Since I don't bake....(never been a Betty Crocker)....I tend to like pies that don't require preparation, especially re: piecrusts.  I love Marie Calendar's Dutch Apple pie, for instance.  Much better than I could make myself and sooo much easier to just pop into the oven.  My 2nd fav would probably be either Key Lime or another fruit-based icebox pie.

Now...for Christmas, I usually make a dynamite French Silk icebox pie (like chocolate mousse) with chocolate cookie crumb crust and a dollop of whipped cream on top.  Never got any complaints for that one!

----------


## Rudy2D

> Since I don't bake....(never been a Betty Crocker)....I tend to like pies that don't require preparation, especially re: piecrusts. I love Marie Calendar's Dutch Apple pie, for instance. Much better than I could make myself and sooo much easier to just pop into the oven. My 2nd fav would probably be either Key Lime or another fruit-based icebox pie.
> 
> Now...for Christmas, I usually make a dynamite French Silk icebox pie (like chocolate mousse) with chocolate cookie crumb crust and a dollop of whipped cream on top. Never got any complaints for that one!


Will you marry me???  I'm in love.

"The way to a man's heart is through his stomach."

----------


## Sheldonna

> Will you marry me???  I'm in love.
> 
> "The way to a man's heart is through his stomach."


Lol....no more marriage for me.  Been there, done that.....got tired doing all the cooking, cleaning and housework AND working a full-time job.  I flunked Husband Training 101, you see.  So no.  But I would make a pie now and then for a friend.   :Smiley20:

----------


## Rudy2D

> Lol....no more marriage for me. Been there, done that.....got tired doing all the cooking, cleaning and housework AND working a full-time job. I flunked Husband Training 101, you see. So no. But I would make a pie now and then for a friend.

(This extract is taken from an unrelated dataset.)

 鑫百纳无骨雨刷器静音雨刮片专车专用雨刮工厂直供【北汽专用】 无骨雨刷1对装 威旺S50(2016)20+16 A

How 'bout _I_ do the "full time job" and you do the other stuff?

----------


## Sheldonna

> How 'bout _I_ do the "full time job" and you do the other stuff?

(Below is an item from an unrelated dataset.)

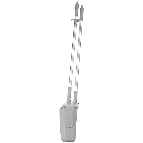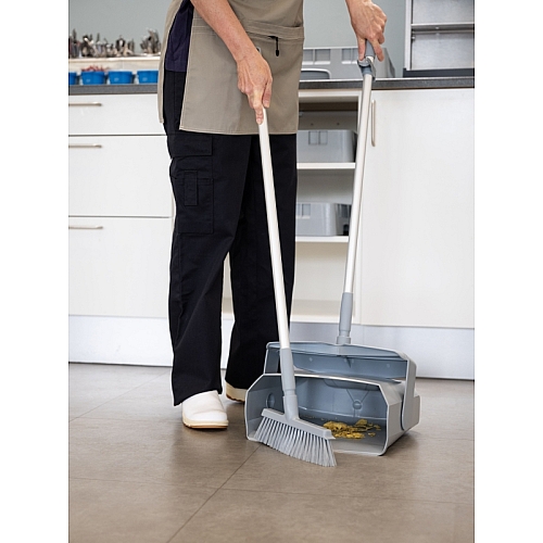 Posebno oblikovana smetišnica omogoča enostavno pobiranje smeti. Po pometanju smetišnico zapremo ter jo postavimo navpično ali vodoravno - samostoječi sistem. V kompletu je tudi kotno oblikovano omelo , ki omogoča fino ter grobo pometanje, tako suhih kot mokrih delcev.

Lol....I tried that gig too.  Could never seem to reach that happy medium where we both worked AND we both shared the work at home too.  Oh well....

I'm done with marriage.  Like I said....I flunked the hubby training.

----------

MrMike (08-26-2015)

----------


## HawkTheSlayer

I kinda partial to sweet potato pie but we deal with so many pecans in this area, pecan pie is usually the go to.

----------


## Rudy2D

> Lol....I tried that gig too. Could never seem to reach that happy medium where we both worked AND we both shared the work at home too. Oh well....
> 
> I'm done with marriage. Like I said....I flunked the hubby training.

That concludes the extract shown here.